Instructions to follow =>
Taking the line with "Вітаємо переможців із" as the first and the line with "农户手持果剪,在柑树下采摘成熟果实(央广网见习记者 滕艳娇 摄)" as the last, set down the lines below exactly, pictures excluded.

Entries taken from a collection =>
⟨

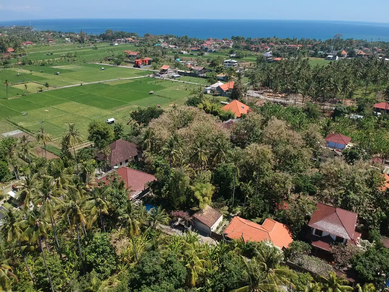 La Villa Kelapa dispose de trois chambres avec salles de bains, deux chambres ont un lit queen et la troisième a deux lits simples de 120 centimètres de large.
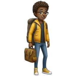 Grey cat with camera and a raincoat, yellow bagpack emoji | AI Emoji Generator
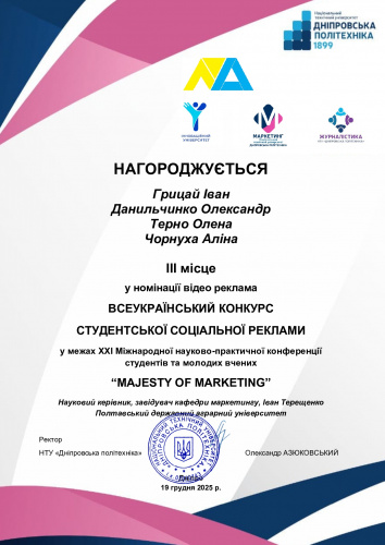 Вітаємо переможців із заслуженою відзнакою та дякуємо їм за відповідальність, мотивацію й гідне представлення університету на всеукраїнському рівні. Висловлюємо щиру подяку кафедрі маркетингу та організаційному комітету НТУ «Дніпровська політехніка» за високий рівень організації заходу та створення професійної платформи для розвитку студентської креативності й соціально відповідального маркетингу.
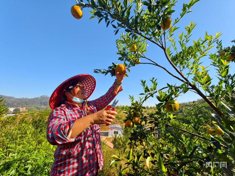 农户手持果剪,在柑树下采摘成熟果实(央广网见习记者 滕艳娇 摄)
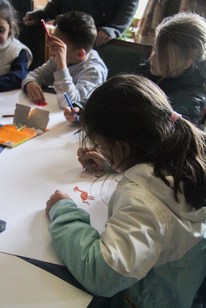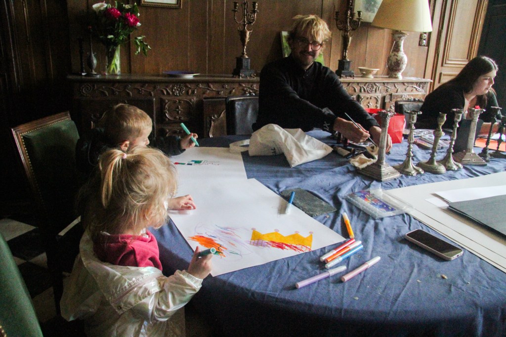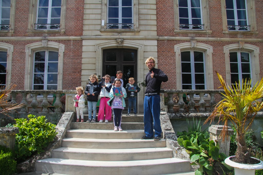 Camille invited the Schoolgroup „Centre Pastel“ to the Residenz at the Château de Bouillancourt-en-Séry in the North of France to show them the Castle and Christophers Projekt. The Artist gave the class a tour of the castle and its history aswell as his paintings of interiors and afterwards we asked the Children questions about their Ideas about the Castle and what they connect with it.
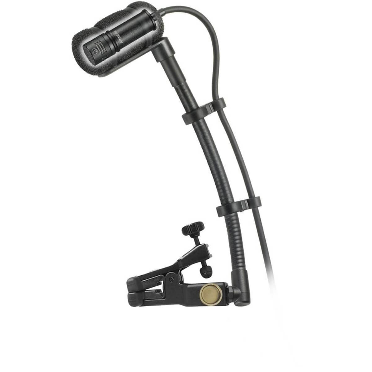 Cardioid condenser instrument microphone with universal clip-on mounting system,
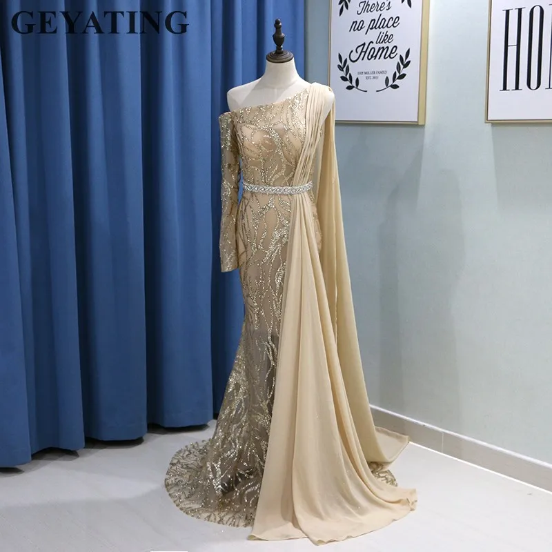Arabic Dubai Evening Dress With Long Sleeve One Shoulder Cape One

⟩

Exercise output =>
 Вітаємо переможців із заслуженою відзнакою та дякуємо їм за відповідальність, мотивацію й гідне представлення університету на всеукраїнському рівні. Висловлюємо щиру подяку кафедрі маркетингу та організаційному комітету НТУ «Дніпровська політехніка» за високий рівень організації заходу та створення професійної платформи для розвитку студентської креативності й соціально відповідального маркетингу.
 农户手持果剪,在柑树下采摘成熟果实(央广网见习记者 滕艳娇 摄)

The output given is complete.